----- Listed entries
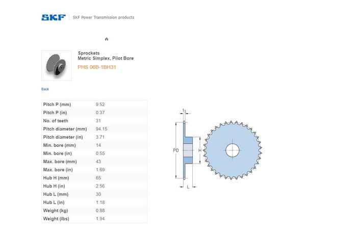 - SKF - 06B1 (3/8) SPROCKET 31 TEETH 1 ROW
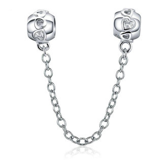 S0010 Stříbrný bezpečnostní řetízek na náramek - srdce
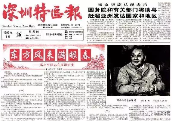 1992年3月26日《深圳特区报》头版发表长篇通讯《东方风来满眼春——邓小平同志在深圳纪实》
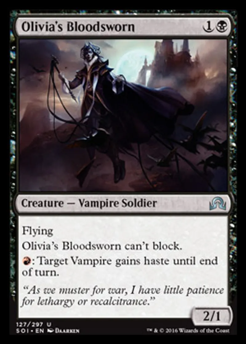 | Oracle Text | Flying Olivia's Bloodsworn can't block. {{r}}: Target Vampire gains haste until end of turn. | ||
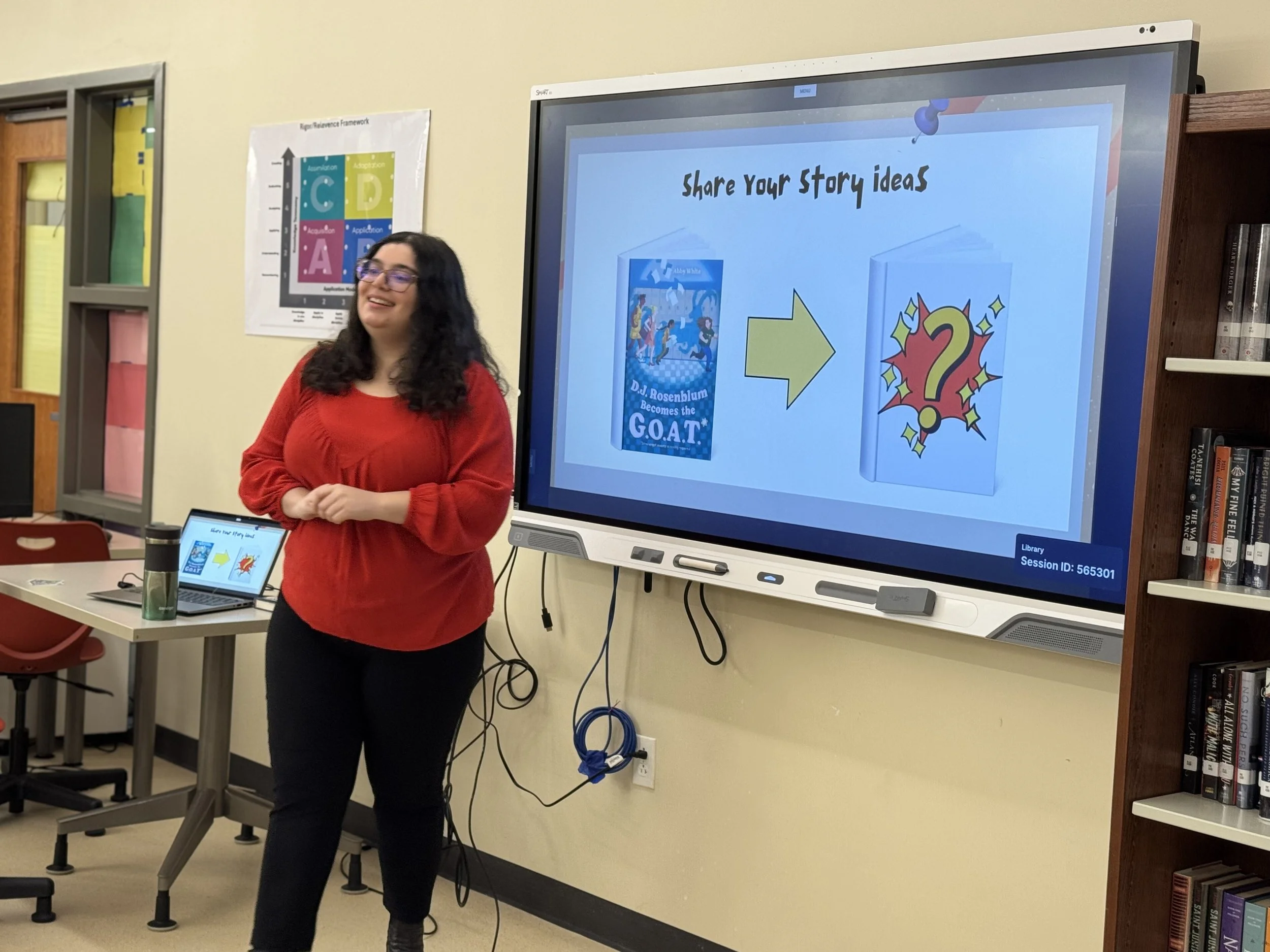 “Abby gave a delightful presentation to our Intensive Study Week group focused on learning about creative writing and book publishing. She was relatable and easily connected with young teens as she generously shared her personal journey as a writer. The behind-the-scenes look at her creative process was particularly fascinating and showed the importance of revision and perseverance. Abby also provided practical craft tips that my students can immediately apply to their own writing. Perhaps most exciting was the creative writing prompt she left us with, which has already sparked a flurry of imaginative ideas for my eager writers. I highly recommend Abby for a school visit —— your young readers and writers will be inspired!”
----------
◆ **Task item**: All lines from the one containing "S0010 Stříbrný bezpečnostní" to the end of the entries should appear in the output exactly as written, with no pictures.

◆ **Response to this task**:
 S0010 Stříbrný bezpečnostní řetízek na náramek - srdce
 1992年3月26日《深圳特区报》头版发表长篇通讯《东方风来满眼春——邓小平同志在深圳纪实》
 | Oracle Text | Flying Olivia's Bloodsworn can't block. {{r}}: Target Vampire gains haste until end of turn. | ||
 “Abby gave a delightful presentation to our Intensive Study Week group focused on learning about creative writing and book publishing. She was relatable and easily connected with young teens as she generously shared her personal journey as a writer. The behind-the-scenes look at her creative process was particularly fascinating and showed the importance of revision and perseverance. Abby also provided practical craft tips that my students can immediately apply to their own writing. Perhaps most exciting was the creative writing prompt she left us with, which has already sparked a flurry of imaginative ideas for my eager writers. I highly recommend Abby for a school visit —— your young readers and writers will be inspired!”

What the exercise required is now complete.